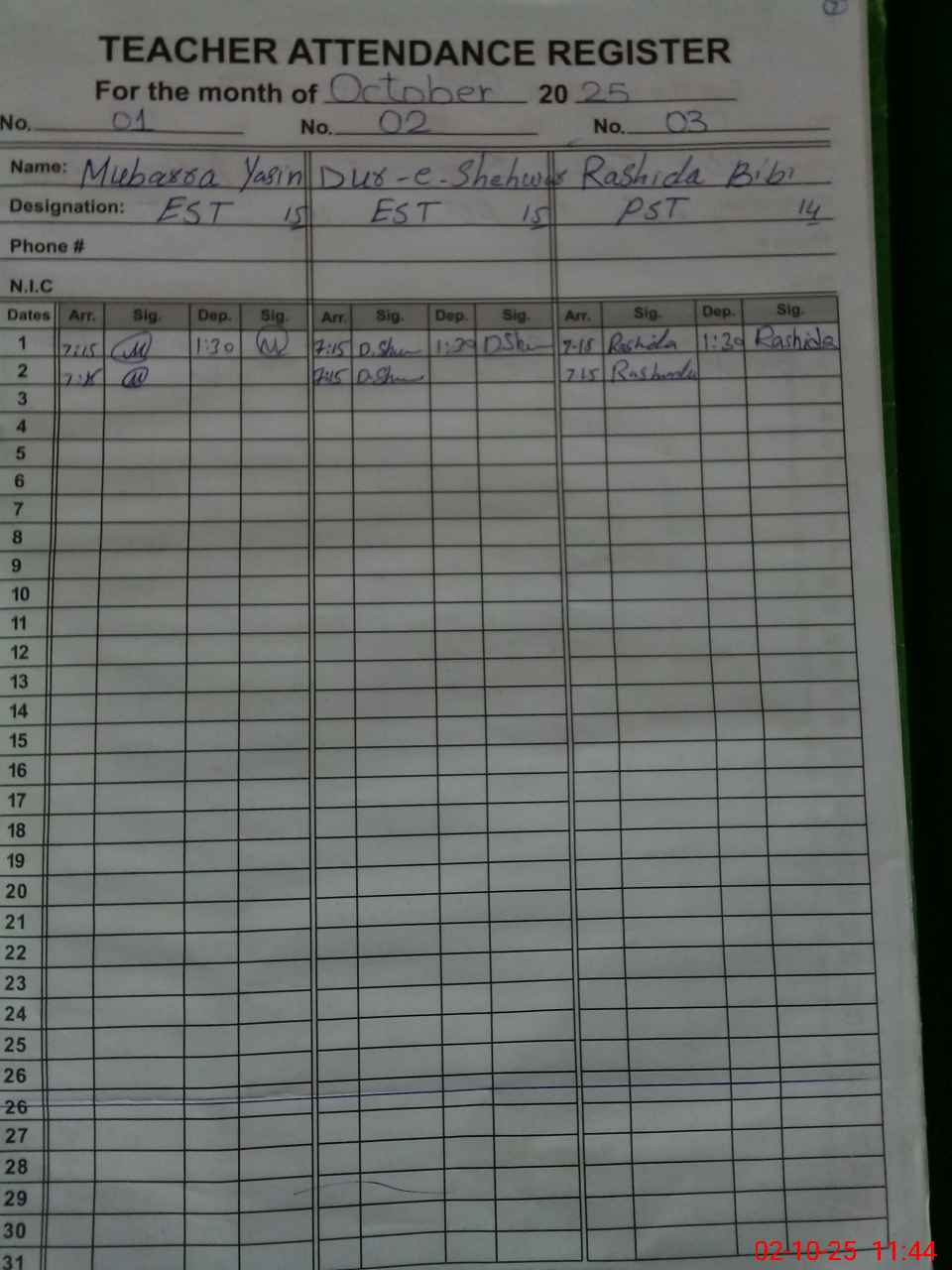 | CNIC | Full Name | Designation | R/C | Absence During Last Calender Month |
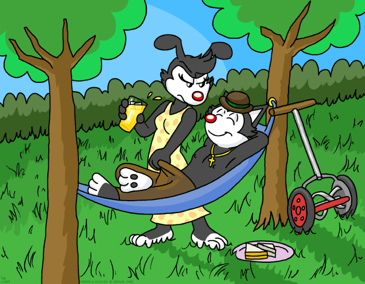 Ginger brought out lunch for her hard-workin' man, only to find out he ain't so hard-workin'. So, if he won't cut down the grass, it's time he got cut down to size.
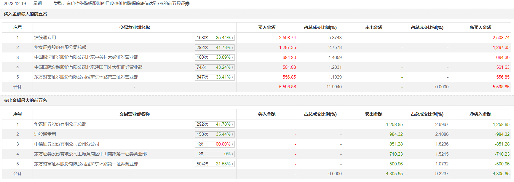 杭州热电12月19日跌停,全天换手率达13.87%,振幅达10.71%。龙虎榜数据显示,营业部席位合计净买入1293.22万元。其中,华泰证券总部、沪股通专用分别卖出1258.85万元、984.32万元;沪股通专用、华泰证券总部分别买入2508.74万元、1287.35万元。

PROBLEM TO SOLVE - Omit any images, then output the listing exactly.

RESPONSE AREA -
 | CNIC | Full Name | Designation | R/C | Absence During Last Calender Month |
 Ginger brought out lunch for her hard-workin' man, only to find out he ain't so hard-workin'. So, if he won't cut down the grass, it's time he got cut down to size.
 杭州热电12月19日跌停,全天换手率达13.87%,振幅达10.71%。龙虎榜数据显示,营业部席位合计净买入1293.22万元。其中,华泰证券总部、沪股通专用分别卖出1258.85万元、984.32万元;沪股通专用、华泰证券总部分别买入2508.74万元、1287.35万元。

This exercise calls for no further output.